** Work item **
Your output should be the lines from the one with "Incredibile pelle di" through the last line of the records below, exactly as written, minus the pictures.
*** Block opens ***
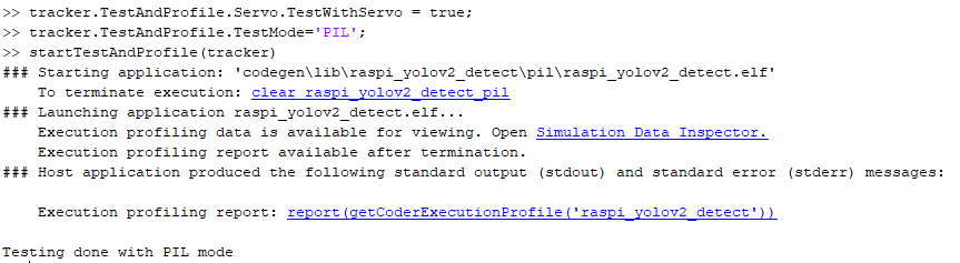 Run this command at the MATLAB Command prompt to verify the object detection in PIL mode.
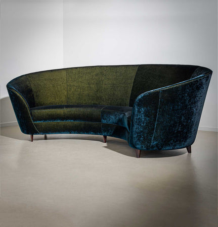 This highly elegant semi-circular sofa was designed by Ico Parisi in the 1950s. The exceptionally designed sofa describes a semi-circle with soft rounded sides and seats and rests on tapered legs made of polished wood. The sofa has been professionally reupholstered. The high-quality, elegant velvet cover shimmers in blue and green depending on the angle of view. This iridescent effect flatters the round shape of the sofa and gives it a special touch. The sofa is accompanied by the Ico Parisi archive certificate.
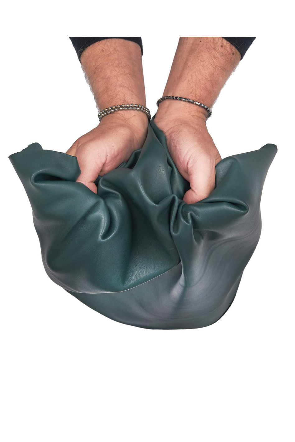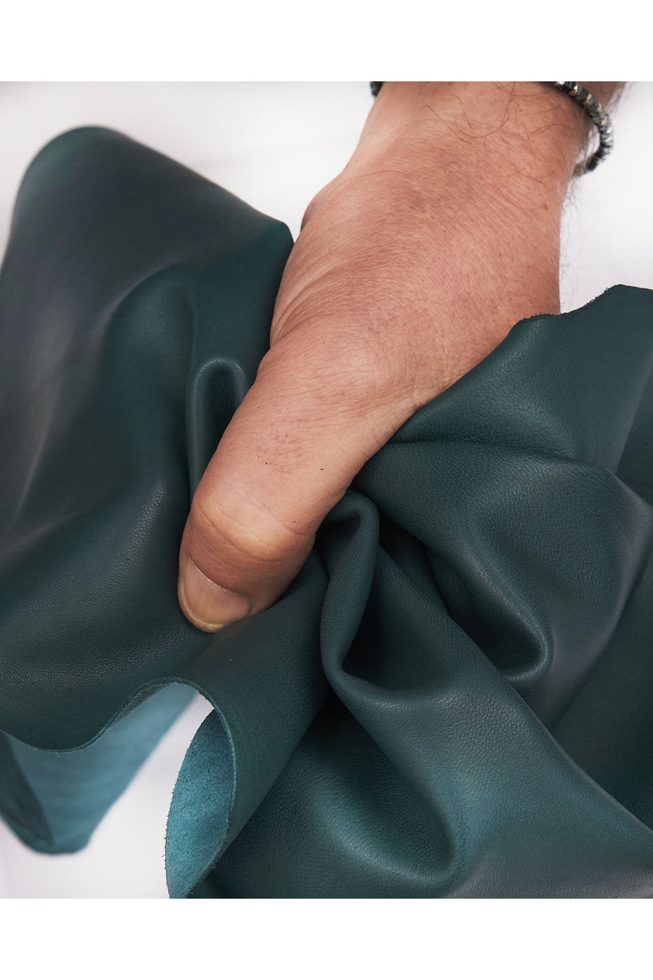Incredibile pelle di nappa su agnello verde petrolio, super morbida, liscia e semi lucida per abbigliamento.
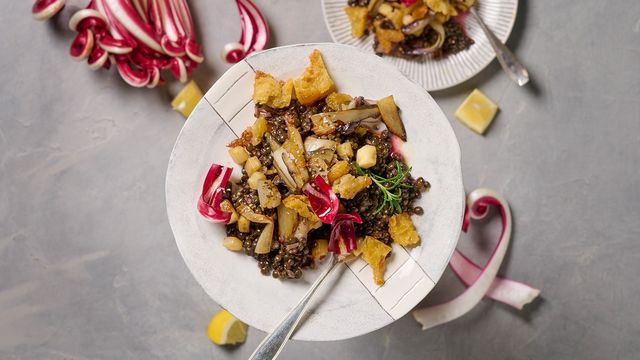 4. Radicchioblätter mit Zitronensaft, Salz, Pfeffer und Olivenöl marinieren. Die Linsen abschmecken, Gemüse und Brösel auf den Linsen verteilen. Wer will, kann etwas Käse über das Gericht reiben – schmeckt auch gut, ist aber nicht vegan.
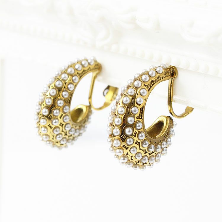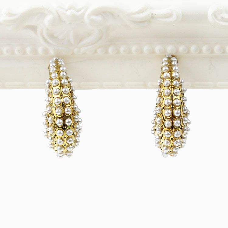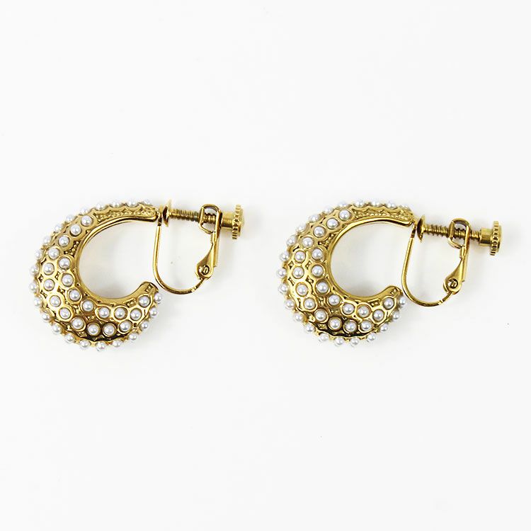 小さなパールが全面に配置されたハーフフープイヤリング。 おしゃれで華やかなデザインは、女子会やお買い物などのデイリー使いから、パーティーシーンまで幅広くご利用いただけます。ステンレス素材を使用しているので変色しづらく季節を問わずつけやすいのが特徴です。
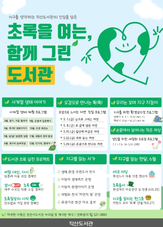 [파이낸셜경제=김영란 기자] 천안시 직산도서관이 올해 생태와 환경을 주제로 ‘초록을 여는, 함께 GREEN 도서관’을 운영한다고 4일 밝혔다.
*** Block closes ***
** Response box **
Incredibile pelle di nappa su agnello verde petrolio, super morbida, liscia e semi lucida per abbigliamento.
 4. Radicchioblätter mit Zitronensaft, Salz, Pfeffer und Olivenöl marinieren. Die Linsen abschmecken, Gemüse und Brösel auf den Linsen verteilen. Wer will, kann etwas Käse über das Gericht reiben – schmeckt auch gut, ist aber nicht vegan.
 小さなパールが全面に配置されたハーフフープイヤリング。 おしゃれで華やかなデザインは、女子会やお買い物などのデイリー使いから、パーティーシーンまで幅広くご利用いただけます。ステンレス素材を使用しているので変色しづらく季節を問わずつけやすいのが特徴です。
 [파이낸셜경제=김영란 기자] 천안시 직산도서관이 올해 생태와 환경을 주제로 ‘초록을 여는, 함께 GREEN 도서관’을 운영한다고 4일 밝혔다.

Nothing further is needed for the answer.